KuCoin logo with legal scales representing settlement with U.S. regulator over derivatives case

KuCoin agrees to $500,000 settlement with U.S. regulator as long-running derivatives case ends

KuCoin, the crypto exchange, has agreed to pay $500,000 to resolve a civil enforcement case brought by the United States Commodity Futures Trading Commission (CFTC), closing a dispute over how the platform allowed American users to access its trading services. The settlement was approved by a federal court in New York and includes a permanent order preventing the company from offering certain services to U.S. customers unless it first registers with the regulator.

The case centered on allegations that KuCoin allowed people in the United States to trade on its platform even though the exchange had not registered with the CFTC as required under U.S. commodities law. Regulators said the platform operated systems that matched and processed trading orders for digital asset derivatives without the legal approval needed to serve American traders.

Although the exchange did not admit or deny the allegations, it agreed to pay the penalty and accept the court order in order to close the civil case. This type of settlement is common in financial regulation cases, where companies resolve disputes without formally accepting liability.

Background context

The dispute began in March 2024 when the CFTC filed a complaint against several entities connected to KuCoin, including Peken Global Limited, the company that operated the exchange’s trading platform. Regulators accused the exchange of violating U.S. trading rules between 2019 and 2023 by offering commodity futures, swaps, and other leveraged crypto trading products without proper registration.

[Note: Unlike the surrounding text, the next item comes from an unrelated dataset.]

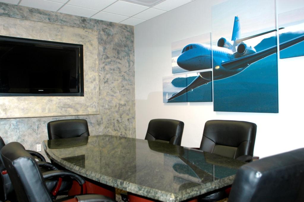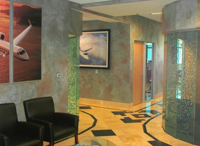 6,000 Square Feet of high-end executive office space with conference rooms, training rooms and kitchens. Finishes include cracked glass, stone corridor floors, soffit ceilings, and faux finished walls.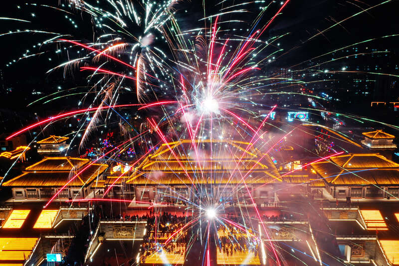 1月27日晚,游客在山东省郯城县郯国古城景区观赏烟花(无人机照片)。1月27日,文化和旅游部公布2023年春节假期文化和旅游市场情况。经文化和旅游部数据中心测算,今年春节假期全国国内旅游出游3.08亿人次,同比增长23.1%。实现国内旅游收入3758.43亿元,同比增长30%。全国文化和旅游市场总体安全平稳有序。新华社发(张春雷 摄)

According to the complaint, KuCoin also failed to put in place strong identity checks and safeguards that could have stopped American customers from accessing the platform. Investigators said the exchange claimed to have compliance controls, but those measures did not effectively prevent U.S. traders from using its services.

An earlier attempt to resolve the case faced delays during court review in 2025. The judge overseeing the matter asked the parties to revisit parts of the proposed settlement before approving the final agreement, which pushed the resolution into 2026.

Under the final order, KuCoin must not allow U.S. users to trade on its platform unless it first registers with the CFTC as a regulated trading venue. The court order also permanently bars the company from repeating the conduct described in the regulator’s complaint.

The CFTC decided not to demand repayment of the full trading fees the exchange earned from U.S. customers. Officials said the decision reflected KuCoin’s cooperation during the investigation and the fact that the company had already paid nearly $300 million in penalties in related criminal cases tied to compliance failures and unlicensed operations.

The settlement is part of a wider effort by U.S. authorities to tighten oversight of the crypto industry. In recent years, regulators have taken action against several global exchanges accused of operating in the United States without following financial rules. This case reinforces a message regulators have been repeating more often: exchanges that want access to U.S. users must follow the same registration and compliance standards that apply to traditional financial trading platforms.